Utah Down Syndrome Found., Inc. v. Utah Down Syndrome Ass'n

Decision Date07 December 2012
Docket NumberNo. 20110205.,20110205.
Citation293 P.3d 241,723 Utah Adv. Rep. 82
PartiesUTAH DOWN SYNDROME FOUNDATION, INC., Plaintiff and Appellee, v. UTAH DOWN SYNDROME ASSOCIATION, et al., Defendants and Appellants. The Members of the Uptown Downs and Up with Down, Intervenor. Donald D. Gilbert, Jr., Judgment Debtor and Appellant.
CourtUtah Supreme Court

OPINION TEXT STARTS HERE

E. Barney Gesas, Lynn O. Poulson, Salt Lake City, for appellant.

Russell A. Cline, Salt Lake City, for appellee.

Justice PARRISH, opinion of the Court:

INTRODUCTION

¶ 1 Attorney Donald D. Gilbert, Jr. appeals the denial of his motion to vacate the district court's Disgorgement Order, which ordered him to return $30,000 that he received as payment for legal services he had provided to the Utah Down Syndrome Association and its founders. We dismiss Mr. Gilbert's appeal for lack of appellate jurisdiction because, as a nonparty to this lawsuit, he is not entitled to an appeal as of right. Because we lack appellate jurisdiction, we are precluded from addressing this case on the merits and therefore express no opinion regarding Mr.
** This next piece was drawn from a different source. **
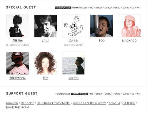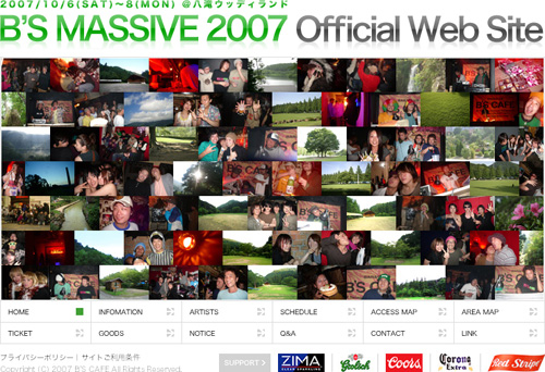 『B'S MASSIVE 2007』 B'S CAFEの生誕10周年を記念して開催される野外BIG PARTY『B'S MASSIVE』!!! 森田昌典(STUDIO APARTMENT)、BOO、LAVA、DJ 4th a.k.a. YOSS OKADA、音韻王者REC、MACHACO、來々、sing-O、など岐阜と馴染み深い数々のビッグゲスト&スペシャルゲストの他、総勢150組を超えるDJ、SOUND、MC、SINGER、DANCER、BAND、GRAFFITI ARTIST、DECORATERが競演!! 岐阜史上、類を見ない野外フェスの誕生です。しかも2泊3日、何と3DAYS!!! ジャンル、世代、性別、言葉、全ての“壁”を取り払って

Gilbert's personal jurisdiction claims.

BACKGROUND

¶ 2 This appeal arises from the district court's Disgorgement Order, which required Mr. Gilbert to disgorge $30,000 in legal fees that he received as payment for his representationof the Utah Down Syndrome Association and its founders. The Disgorgement Order stems from a dispute between the founders of the Utah Down Syndrome Association (Association) and the Utah Down Syndrome Foundation (Foundation). In two separate lawsuits, Mr. Gilbert represented several former officers 1 of the Foundation and current founders of the Association who, after becoming dissatisfied with the management of the Foundation, left to form a competing nonprofit, the Association. The Disgorgement Order, which was issued in the second lawsuit, required Mr. Gilbert to forfeit legal fees he had received for representing the Association and its founders in their lawsuits with the Foundation. This appeal arises from the second lawsuit.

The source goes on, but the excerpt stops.